GAMKI jatim Resmi Laporkan UAS Soal Ujaran Kebencian

SURABAYA TODAY – DPD Gerakan Angkatan Muda Kristen Indonesia (GAMKI) Jawa Timur resmi melaporkan Ustaz Abdul Somad (UAS) ke Polda Jatim atas dugaan ujaran kebencian. Pelaporan ini terkait video UAS soal simbol salib yang viral di media sosial.

Beberapa perwakilan pengurus pun mendatangi Sentra Pelayanan Kepolisian Terpadu (SPKT) Polda Jatim sekitar pukul 12.30 WIB. Oleh pihak SPKT, laporan ini dialihkan ke Subdit Cyber Crime Ditreskrimsus Polda Jatim.

Ketua DPD GAMKI Jatim Rafael Obeng mengatakan pelaporan ini karena banyak masyarakat nasrani yang resah atas ujaran UAS dalam video yang beredar di media sosial. Rafael ingin UAS segera mengklarifikasi.

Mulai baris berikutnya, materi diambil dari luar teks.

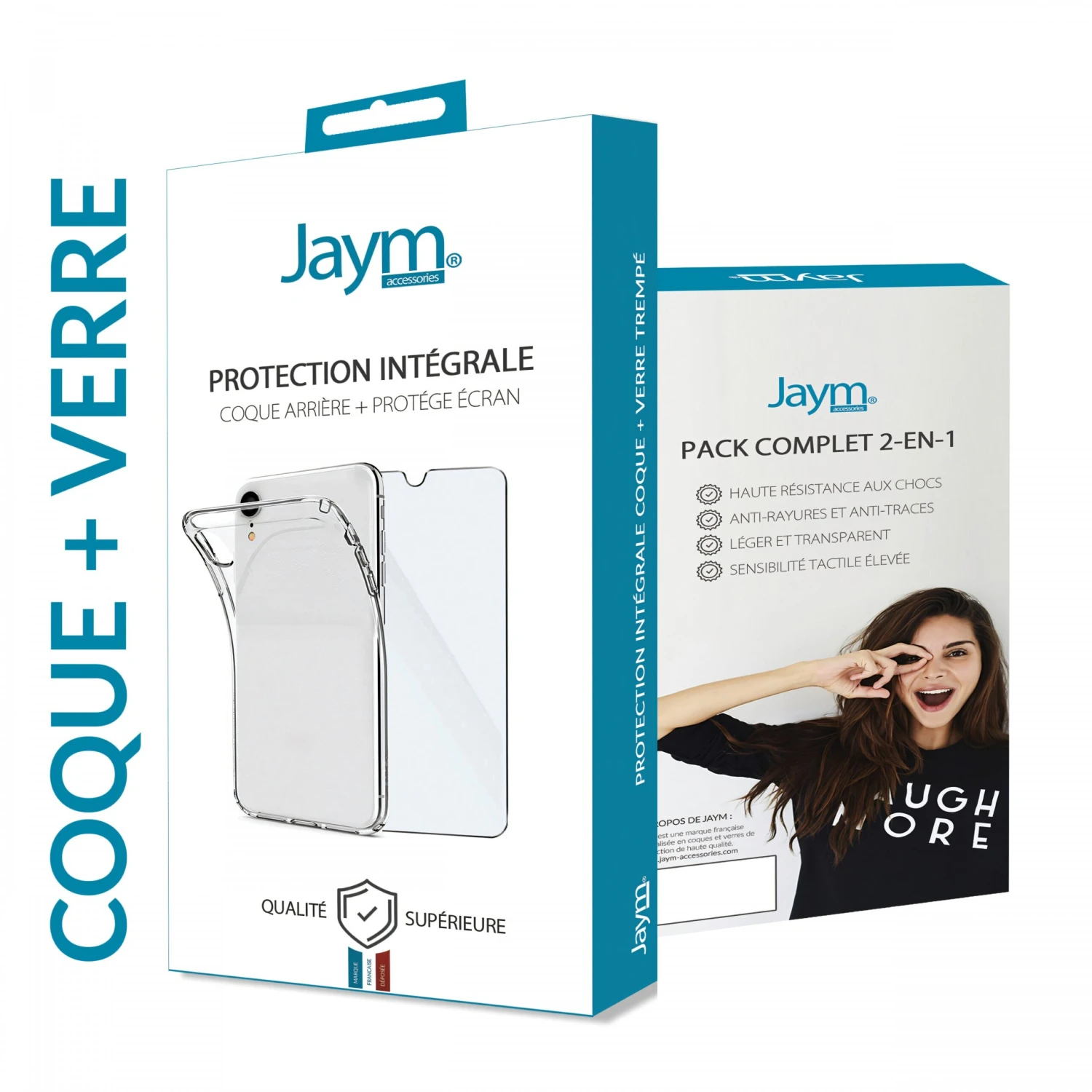 Découvrez le pack de protection Jaym® comprenant une coque souple transparente traitée anti-UV et anti-bulles, et un verre trempé 9H ultra-résistant traité anti traces de doigts et spécialement développé pour le mobile.

“Kami ingin melaporkan seseornag yakni Pak Ustaz Abdul Somad yang menyebarkan video tentang ujaran kebencian yang ada di media sosial. Tentu kami berharap bahwa ustaz bisa mengklarifikasi apa yang disampaikan di media sosial,” kata Rafael, Selasa (20/8/2019).

BACA JUGA :  Kesehatan Pencernaan Anak Tak Boleh Diabaikan, Ini Tanda Saluran Cerna yang Sehat

DPD GAMKI Jatim menyatakan salib merupakan simbol agamanya. Rafael tak ingin dengan beredarnya video ini secara luas, akan merusak kehidupan berbangsa dan bernegara.

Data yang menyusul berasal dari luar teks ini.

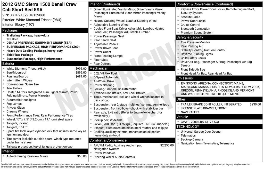 In stunning style and excellent capability, this **Accident Free**2012**GMC**Sierra 1500**Denali**Crew Cab**AWD**Heated and Cooled Leather Seats**Sunroof** is strutting its stuff in White Diamond Tricoat. Powered by a 6.2 Liter Vortec V8 generating 403hp while connected to the 6 Speed Automatic transmission. This All Wheel Drive combination supplies abundant power while earning nearly 18mpg on the highway.
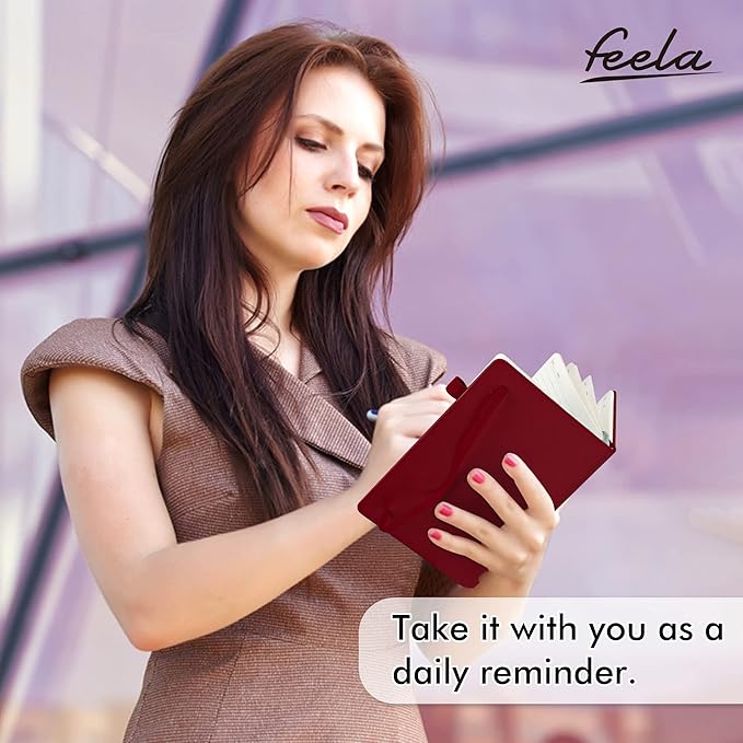 - Feela 5 Pack Classic Ruled Notebooks contains 5 classic wine ruled sturdy cover notebooks and 5 Black Retractable Pens. Each of the notebooks measures 8.3” x 5.1”, which is perfect to carry and easily held by young girls and boys. These black cute pens are customized to be placed in the pen holder, which is pretty convenient.
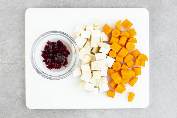 Den Backofen auf 240°C (220°C Umluft) vorheizen. Den Sellerie vierteln, schälen und in mundgerechte Würfel schneiden. Die Karotte ggf. schälen und in gleich große Würfel schneiden. Die Cranberrys in etwas warmem Wasser einweichen.
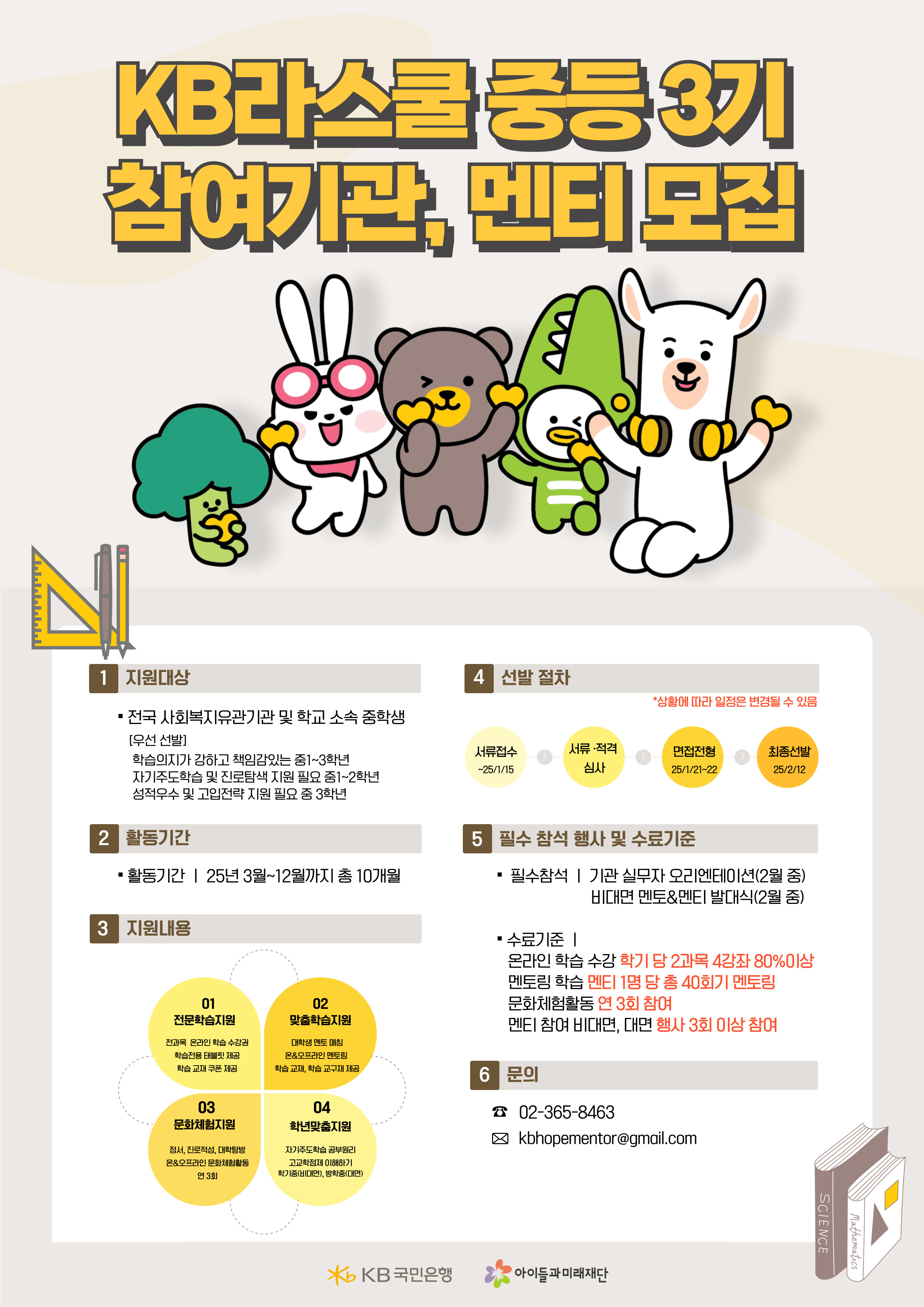 [아이들과미래재단][모집] 2025 KB Dream Wave2030 KB라스쿨(중등) 3기 참여기관,멘티 모집(~1/15까지)
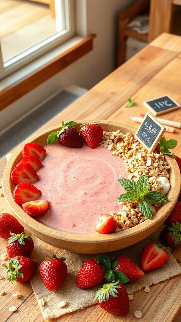 - Top with your choice of toppings, such as granola, sliced strawberries, nuts, or seeds.
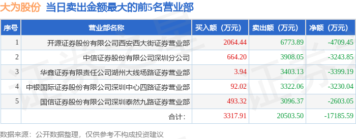 证券之星消息,沪深交易所2025年10月28日公布的交易公开信息显示,大为股份(002213)因日涨幅偏离值达到7%的前5只证券,连续三个交易日内,涨幅偏离值累计达到20%的证券,日换手率达到20%的前5只证券登上龙虎榜。此次是近5个交易日内第1次上榜。
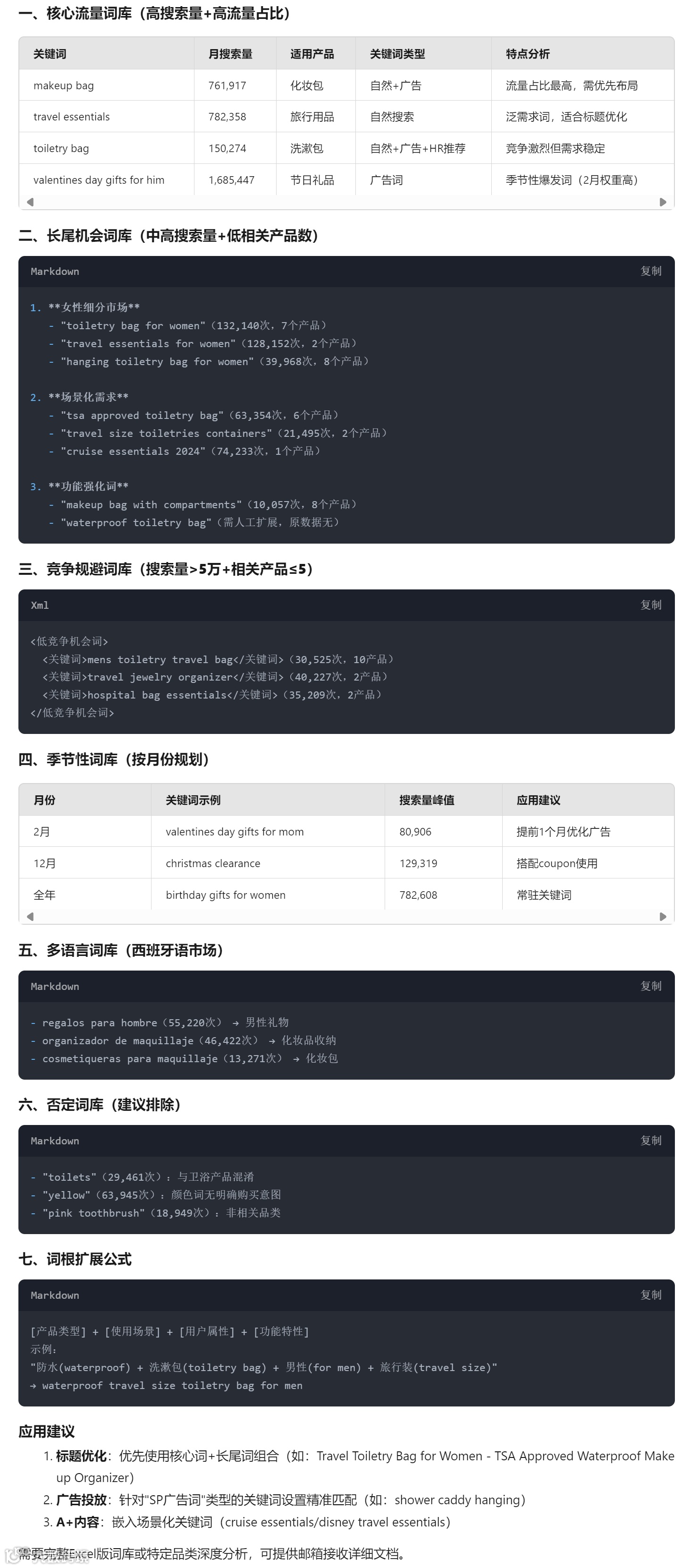 把竞对关键词批量导入DeepSeek,进行关键词分析,生成结果如下:
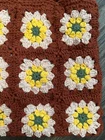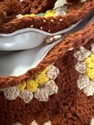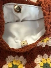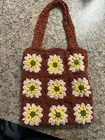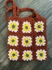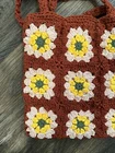 This Handmade Crochet Granny Square Tote Bag is a stylish retro shoulder bag perfect for women who love a 70s-inspired look. The exterior features a beautiful floral pattern in shades of burnt orange, yellow, and green, with white lining. The bag is made from yarn and accented with intricate crochet details, giving it a unique and artisanal appeal. The handcrafted design makes it a one-of-a-kind accessory that is sure to stand out and add a touch of vintage charm to any outfit.

“Kita melaporkan soal salib. Dalam Kristen salib itu simbol dari agama Kristen dan Katolik. Kalau UAS menyampaikan itu terus dipersepsikan secara salah. Jadi hubungan relasi bernegara kita saudara kita menjadi rusak. Kita harapkan tidak begitu. Oleh karena itu kita datang ke Polda Jatim agar Polda Jatim memanggil UAS untuk mengklarifikasi itu,” lanjutnya.

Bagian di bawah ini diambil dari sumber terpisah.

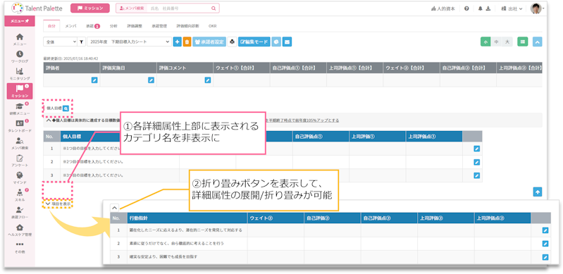 なんと、ミッションにおいて、詳細属性カテゴリ名の非表示と、詳細属性の開閉が可能になりました!!
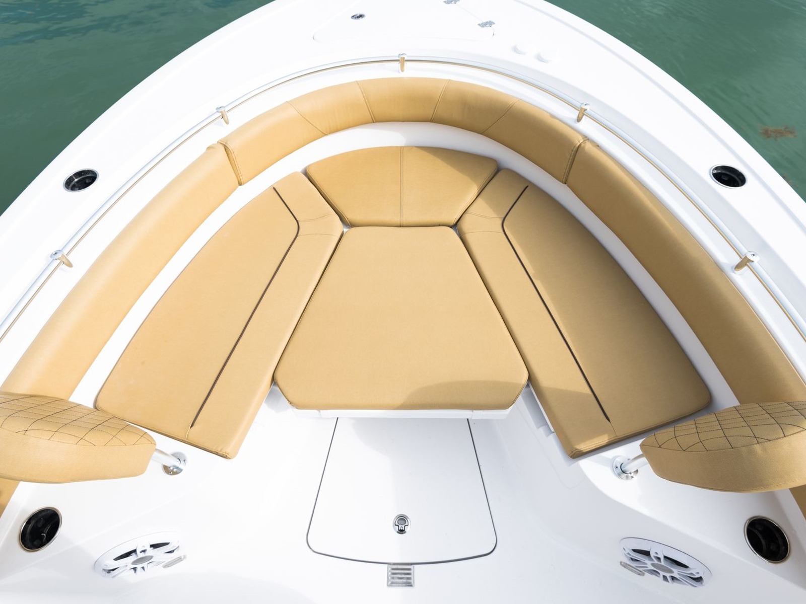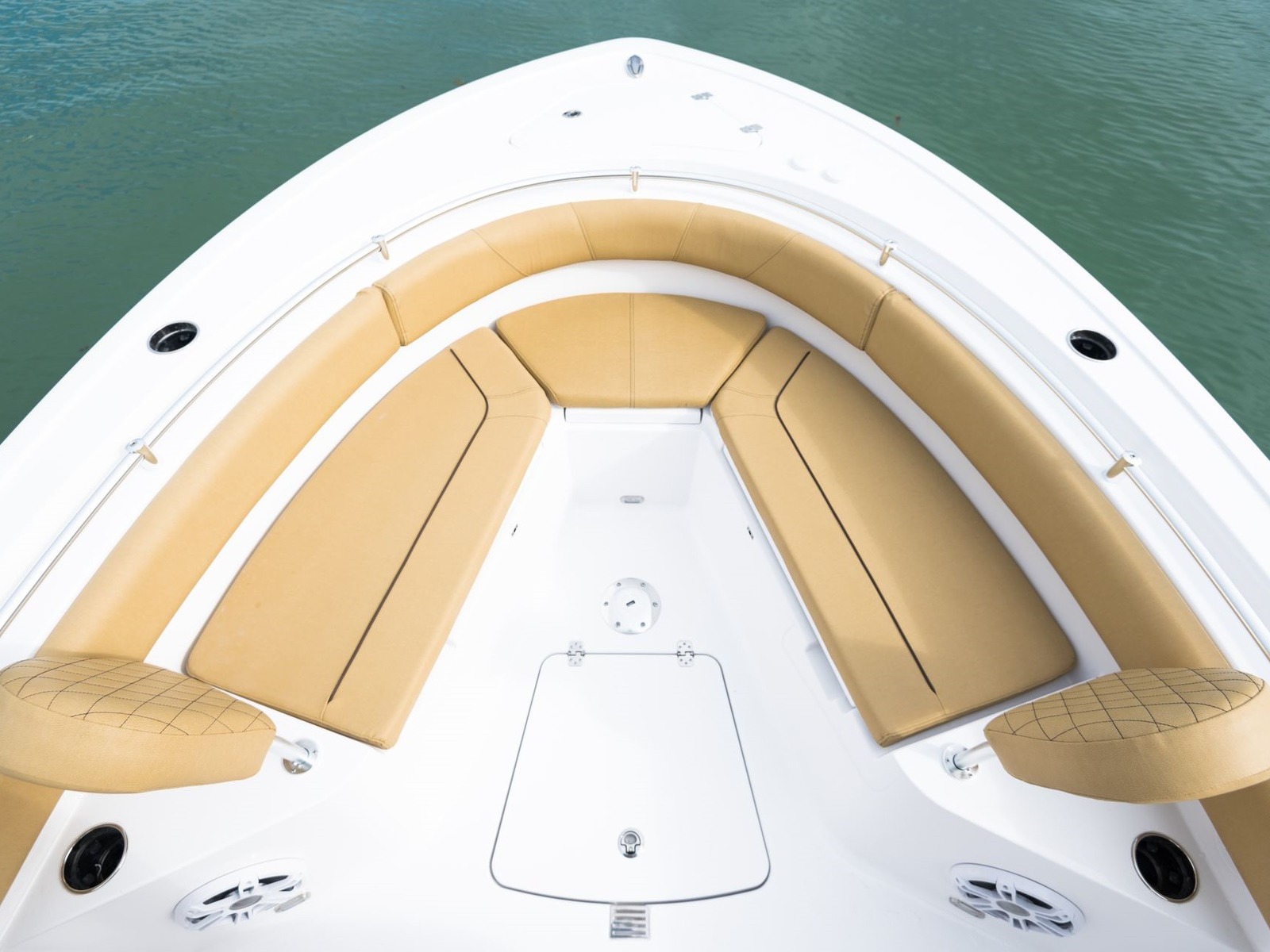 The Heritage 231 features a plush interior at the bow that prioritizes both capacity and comfort. By recessing the coaming bolsters and seat bottoms, we've created a deeper and more comfortable seating area for passengers at the front of the boat.
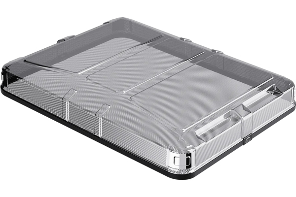 De robuuste hardshell van de daktent bestaat uit transparant kunststof. In opgevouwen toestand meet de tent ongeveer 174 x 143 cm.
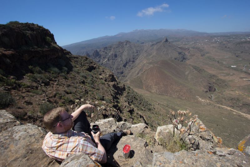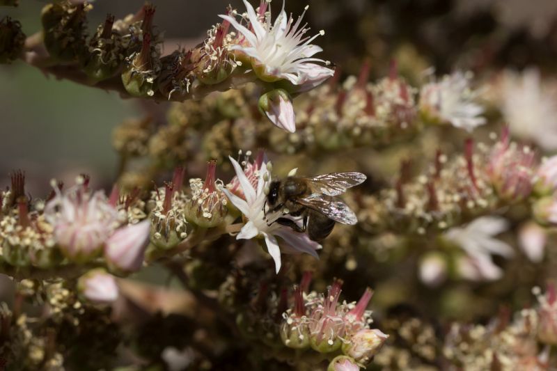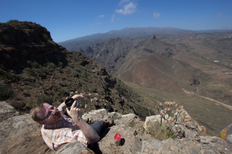 1) Die Tour auf den Conde (Start bei ca. 500 m, Gipfelplateau auf ziemlich genau 1.000 m) hat Chancen auf den kanarischen Taxameter-Highscore, v.a. wenn man den nicht nur auf eine Gattung eicht (auch sowas soll's ja vereinzelt geben ...), sondern auf alle Sukkulenten. Auf dem Weg nach oben habe ich bisher 3 sukkulente Euphorbia-Arten, 3 Aeonien, Senecio kleinia, je 1 Monanthes, Umbilicus + Ceropegia sowie die nicht ganz autochthone Opuntia dillenii gefunden, allerdings allesamt fest verwurzelt in der Erden. Im Fluge kommen da wohl nur die Samen vorbei, und das im Falle der Crassulaceen ob ihrer Winzischkeit vermutlich eher unbemerkt.

Rafael mengatakan laporan ini agar bisa diambil pelajaran oleh tokoh agama lain, agar tidak membuat situasi bangsa semakin panas dengan mengatakan isu SARA. Selain itu, Rafael ingin umat Nasrani bisa hidup damai berdampingan dengan penganut agama lain.

BACA JUGA :  Pengemudi Microsleep, Toyota Fortuner Terguling di KM 30 Jagorawi

“Kita berharap seorang tokoh agama sebaiknya apapun yang kita ucapkan tentu harus hati-hati karena negara kita ini lagi sedang panas soal kebencian. Sebagai warga negara walaupun kita bersaudara,” ujar Rafael.

“Latar belakangnya sebagai warga negara. Saya punya hak untuk hidup rukun dengan saudara-saudara saya yang berbeda dengan saya. Baik itu latar sosial saya, latar belakang kesukuan dan lain-lain. Oleh karena itu saya berharap UAS menjadi saudara saya. Tentu kita berharap beliau juga menjaga bicaranya. Ajaran-ajaran khotbah-khotbah yang disampaikan harus dijaga,” imbuhnya.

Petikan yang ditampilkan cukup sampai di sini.